I slid to the floor and leaned back against the wall.  I didn’t care to hide anything. Tomorrow it would all be over so it didn’t matter.  I began to talk to Reilley. Slowly everything came pouring out of me; my mom’s pills, my dad’s gambling and the how the arm-breakers had been looking for him. I told her stuff I’d never told anyone.  Reilley listened. Before long it was after 1:00 in the morning. We talked about being rejected.  She’d been hurt many times because she was overweight and not pretty.  Boys would pretend to ask her out and then laugh that she believed them.  
It actually made me feel better knowing I wasn’t the only one to feel that way.  
“So what do you do when you want to feel better?  What takes you away?”
“Mom’s pills.”
“Besides that, I mean.”
“I used to sing.”
“Really?  What kind of singing?”
“Anything and everything. Rock, Reggae, Blues, Punk, Techno, I can do a great techno voice…”
“Sing for me…”
“You’ll laugh.”
“Seriously, I would never laugh at you, Sid.” 
I went out on the balcony and sang for her. Singing over the phone seemed stupid, and I had to keep my singing quiet so as not to wake my mother. That was the first time in years I’d ever sung for anyone besides my mom or my dad.  
“You are so good! Where did you learn that?”  
“I started when I was four.” I told her about walking through the streets of Hamilton with my dad. 
“I can just imagine you. You must have been the cutest little kid.”  
“My dad gave me an ipod a couple years before he left.  I listened to it until I’d memorized a few hundred songs on it. I still have it.” 
I fell asleep without taking mom’s pills and went to school the next day like a zombie.  I was tired from being up half the night, but talking to Reilley made me feel connected to someone. She winked at me from her locker door that morning. It wasn’t a ‘let’s go out’ wink but a wink between friends and it made me smile.  I was quiet in class, but the emptiness was less. 

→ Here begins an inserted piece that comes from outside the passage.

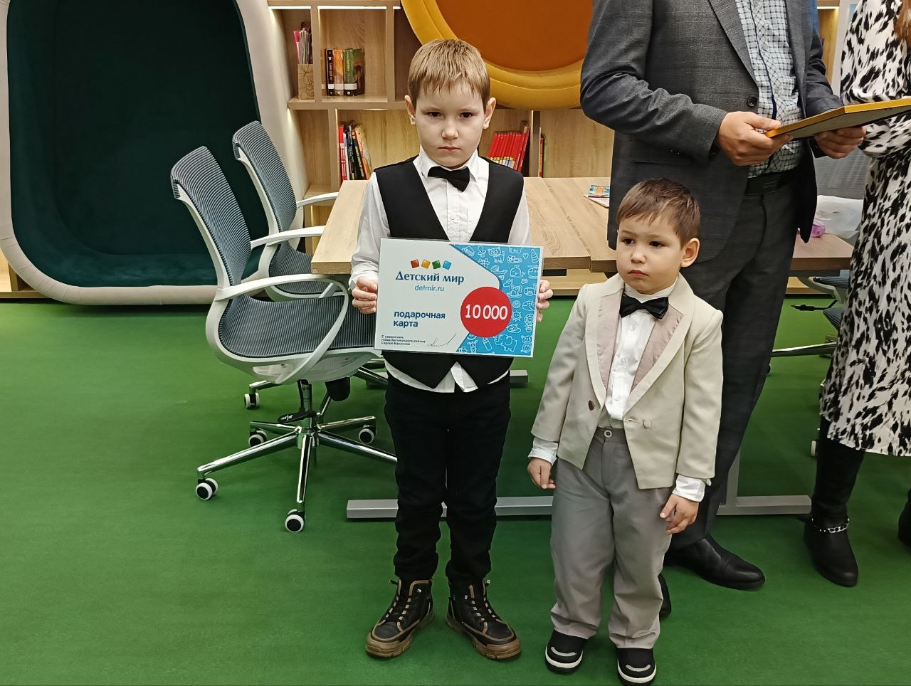 Глава территории поблагодарил родителей за воспитание сыновей в духе ответственности, целеустремленности и патриотизма. Вручил подарочную карту в магазин «Детский мир» на 10 тыс. руб. и продуктовую корзину. Поздравил родителей с праздником. Пожелал им здоровья, счастья и благополучия, чтобы сыновья всегда радовали их и приносили только положительные эмоции. Сыновьям пожелал быть гордостью и опорой для своей семьи, примером для родных и близких.

That Wednesday Reilley asked again if I wanted to go to her youth group.  
I went. 
I figured it would be a hangout for dweebs and losers like me, but there were some popular and good-looking kids there too - the quiet ones, mostly. None of them were the ones who teased me. They had coffee and sandwiches and donuts and some cake and juice.   
“Who brought all this stuff?” I asked.
“They’re donations from my church.” Reilley said.  
“Really? So you don’t have to pay?”
“Really.  They’re donations… like, free...”
“My Dad used to say, ‘Pay now or pay later, but nothing’s free.’”  
“Well…” Reilley laughed, “I’ve been coming here for over a year and they haven’t charged me anything yet.”   
“Isn’t this a religious group?”
“I guess. My church runs it.”
“Churches are just after your money… Nothing’s for free.”
Reilly’s face changed like I’d hit her. “Good churches aren’t like that,” she said.  Not two minutes into her youth group and I’d insulted her church.
“Take more cake,” she said. 
“Trying to help me grow?” I asked sarcastically.  She turned away from me and I left.